We put the most layers into the second last stage, following ResNet and its recent variants.

The result is an architecture like the table above. While these hyper-parameters have room for improvement, they are a reasonable design similar to many deep CNNs. Additionally, groupwise convolutions with g=1, 2, 4 globally are used at odd number of layers(3rd, 5th, 7th, …21st, …) to accelerate training and inference.

The authors scale the width of the model by incrementing or decreasing the value of a and b and scale the depth of the model with two configurations RepVGG-A and RepVGG-B. Specifications of tricks and configurations used to further improve performance are described in the paper(e.g. learning rate decay, cosine annealing, data augmentation).

Experiments

The authors provide experiments on the performance of the RepVGG model in various settings. The results are “as expected” since the authors are basically train a ResNet variant, just that it is optimized to leverage benefits of a plain architecture in inference time. Thus, it is significantly better in terms of the speed-accuracy tradeoff.

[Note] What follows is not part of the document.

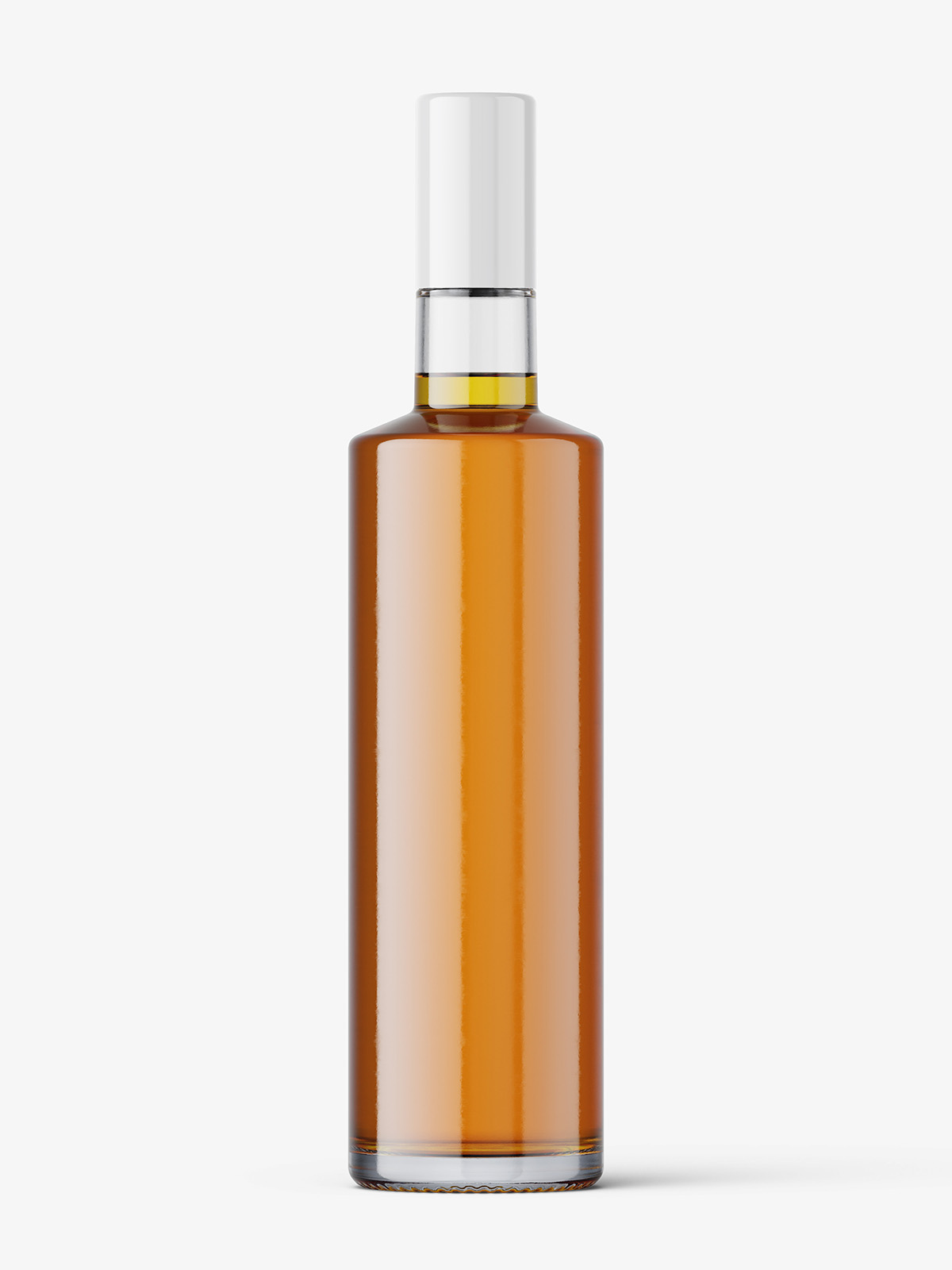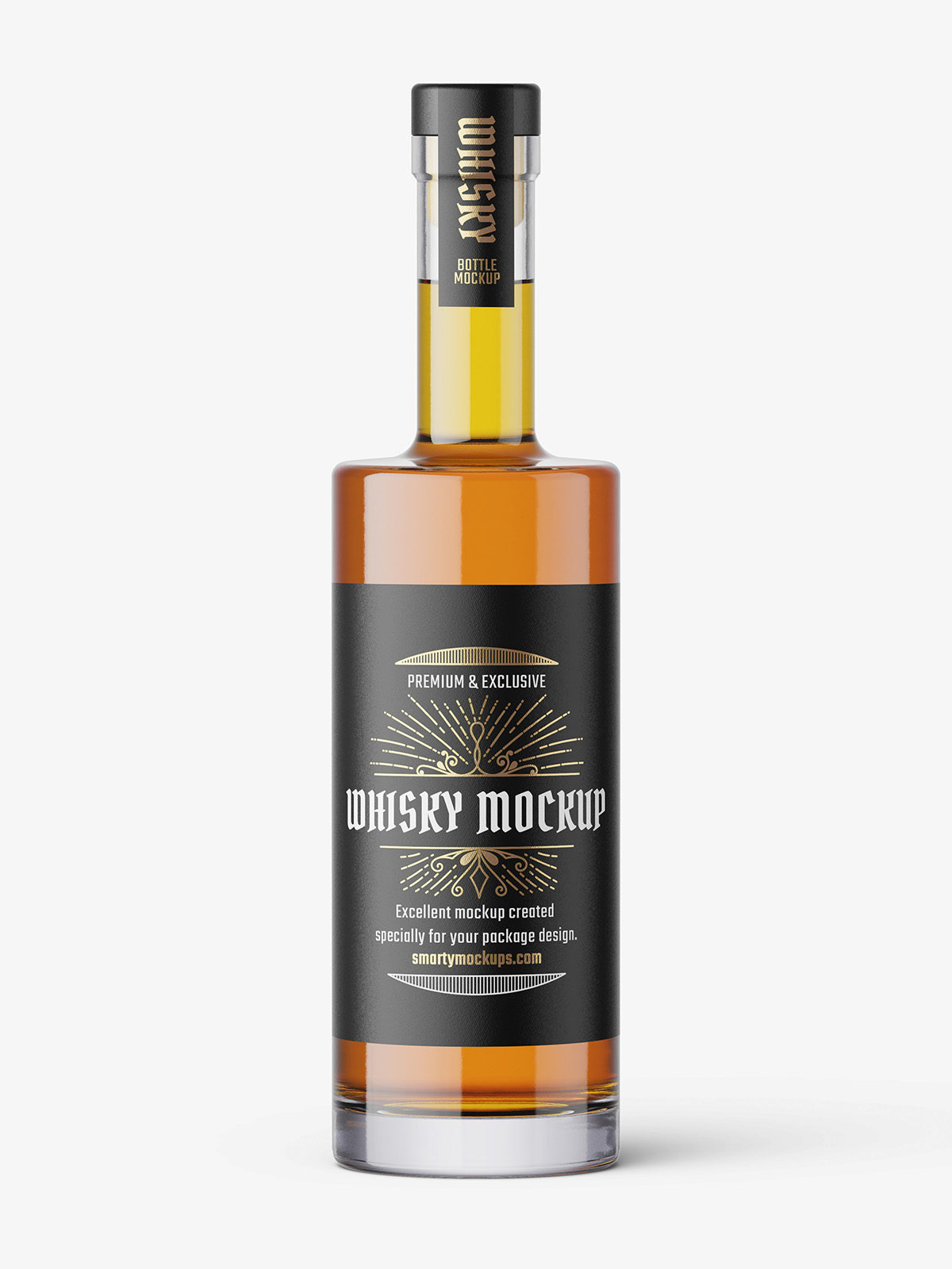 Universal whisky bottle with transparent liquid inside. Such mockup may be use as vodka packaging packshot or other alcohol drinks as well.

In an ablation study, the authors show that a plain training-time model of RepVGG-B0 only yields 72.39% accuracy, while the two additional branches improve it to 75.14%.

The authors also compare their structural re-parameterization, which poses no harm to the final performance with similar variants on fusing branches via re-parameterization. Variants are not described in detail, but comparisons with the proposed structural re-parameterization(Full-featured reparam) demonstrate the effectiveness of RepVGG.

Discussion

The authors demonstrate the benefits of plain architectures as being fast, flexible, and memory-economical. To combine the benefits of both designs, the authors propose a network that can be trained as a multi-branch network but can be converted into a plain network for inference. Coupled with modern training configurations, the authors were able to demonstrate comparable speed-accuracy curves with a plain VGG-style network to popular modern CNNs.

I think of the RepVGG architecture as a compression method to accelerate ResNets by converting them into a plain architecture, which can be beneficial in many aspects. This is practically very different from many previous re-parameterization techniques which are often done at initialization or training time from that the method poses no negative impacts to the final performance.